The 866 genes with ≥ twofold expression variation across the four time points were further classified based on their time-series expression pattern into 14 categories (Figure 1C). Two categories had disproportionately high number of genes (Figure 1C) – HHLL, 171 genes that have high expression in BEC0W and BEC20W but low expression at BEC40W and BEC60W and LLHH, 166 genes that have low expression at BEC0W and BEC20W but high expression at BEC40W and BEC60W. These genes are listed in Supplementary Table 3, and the number of genes in the remaining categories are shown in Figure 1D.

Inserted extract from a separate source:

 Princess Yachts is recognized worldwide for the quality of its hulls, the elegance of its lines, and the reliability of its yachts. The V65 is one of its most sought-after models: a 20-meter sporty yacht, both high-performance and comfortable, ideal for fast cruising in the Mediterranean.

Figure 1E lists the biological processes, mouse phenotypes, pathways, and diseases enriched in the genes of the LLHH (left) and HHLL (right) categories. Genes in the LLHH category were associated with cell motility, cell adhesion, cell differentiation, generic transcriptional pathways, and with apoptosis-related pathways, whereas genes associated with cell migration, cell adhesion, cell cycle, DNA damage response and extracellular matrix repair were in the HHLL category. Both categories of genes are known to be associated with multiple types of cancer, particularly adenocarcinomas and GI cancers (pancreatic, colorectal, and esophageal). Gene expression pattern of some genes from LLHH (APOE, CAPN1, DKK1, HES1, MCAM, and TAGLN) and HHLL (CCND1, IL8, SEMA3A, TGFBR2, VEGFA, and ZEB1) categories were randomly selected and validated using qRT-PCR (Figures 1F,G, respectively).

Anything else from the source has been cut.